— YOUR OBJECTIVE —
Word for word, restate the lines of the data below between those holding "Men's Pointed Toe" and "Dieses Fenster hier", inclusive; pictures do not belong in the copy.

— LISTED ENTRIES —
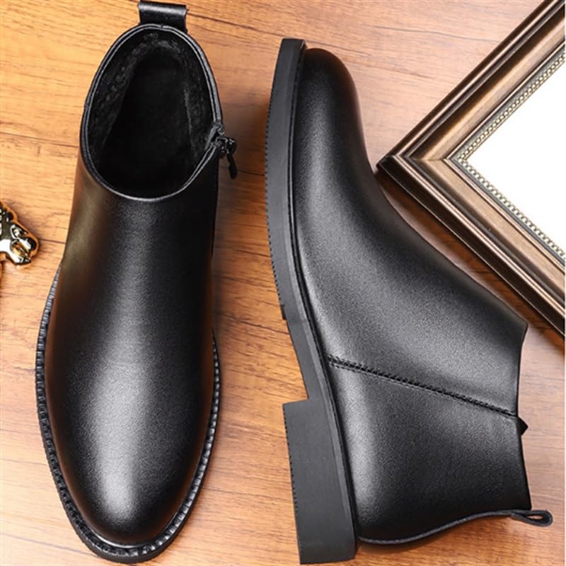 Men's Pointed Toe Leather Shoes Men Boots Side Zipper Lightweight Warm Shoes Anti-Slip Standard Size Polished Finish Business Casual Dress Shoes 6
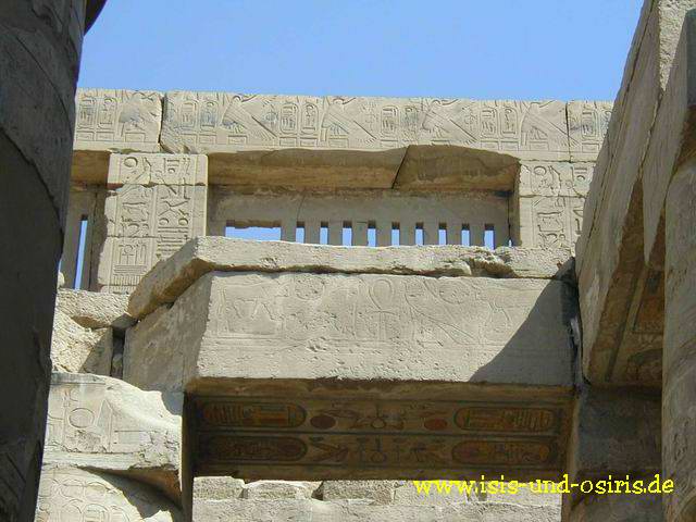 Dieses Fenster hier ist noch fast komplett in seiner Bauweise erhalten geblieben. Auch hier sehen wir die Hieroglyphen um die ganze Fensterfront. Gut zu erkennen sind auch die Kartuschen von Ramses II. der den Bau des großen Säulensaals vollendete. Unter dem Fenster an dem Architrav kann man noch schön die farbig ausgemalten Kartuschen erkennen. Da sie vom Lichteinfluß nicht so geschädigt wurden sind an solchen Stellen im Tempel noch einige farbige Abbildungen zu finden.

* * *

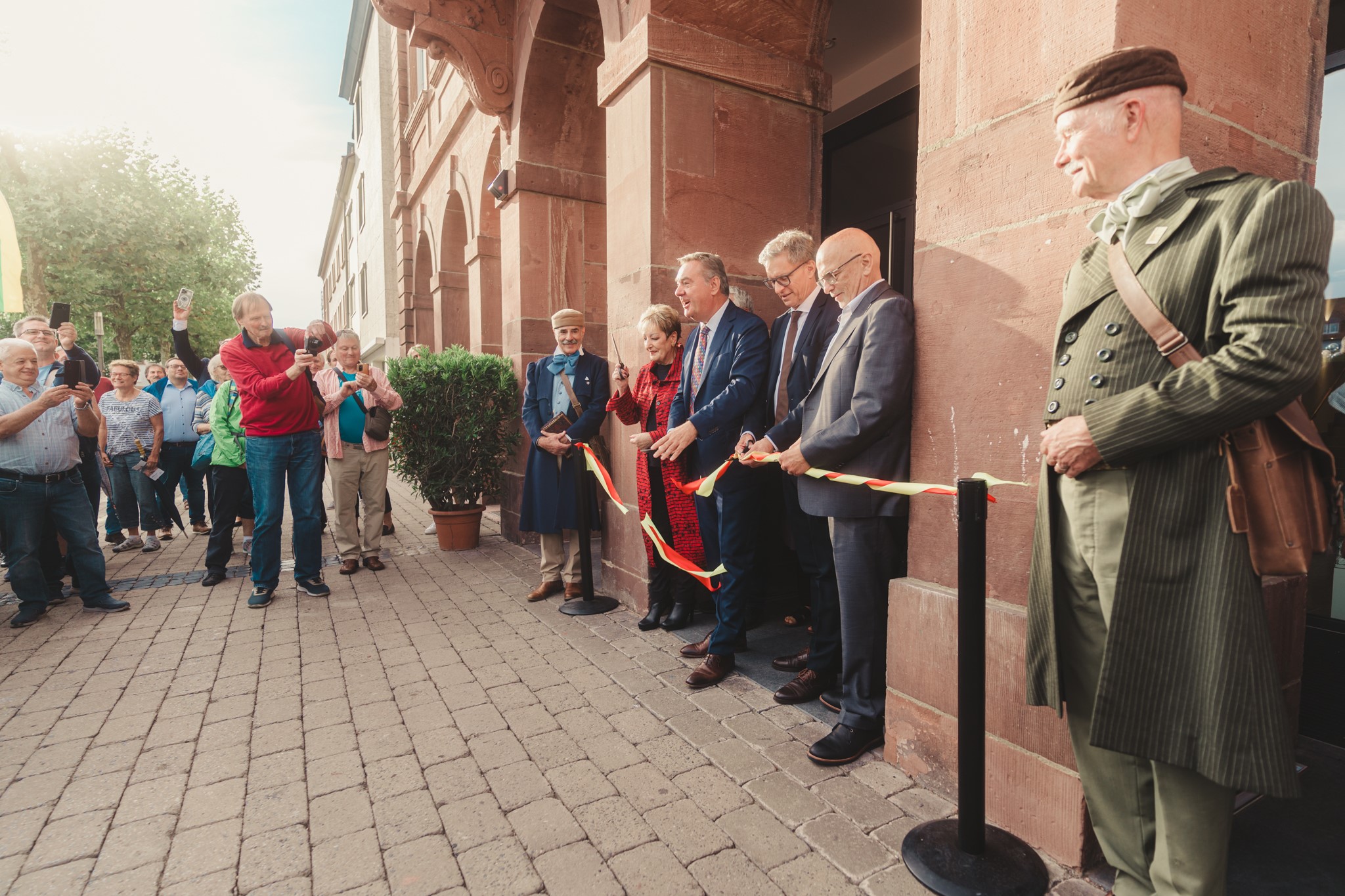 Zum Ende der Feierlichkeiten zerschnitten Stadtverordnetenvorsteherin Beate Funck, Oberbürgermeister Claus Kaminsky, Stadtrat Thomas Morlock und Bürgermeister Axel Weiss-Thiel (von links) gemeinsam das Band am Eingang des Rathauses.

— OUTPUT FOR THIS TASK —
 Men's Pointed Toe Leather Shoes Men Boots Side Zipper Lightweight Warm Shoes Anti-Slip Standard Size Polished Finish Business Casual Dress Shoes 6
 Dieses Fenster hier ist noch fast komplett in seiner Bauweise erhalten geblieben. Auch hier sehen wir die Hieroglyphen um die ganze Fensterfront. Gut zu erkennen sind auch die Kartuschen von Ramses II. der den Bau des großen Säulensaals vollendete. Unter dem Fenster an dem Architrav kann man noch schön die farbig ausgemalten Kartuschen erkennen. Da sie vom Lichteinfluß nicht so geschädigt wurden sind an solchen Stellen im Tempel noch einige farbige Abbildungen zu finden.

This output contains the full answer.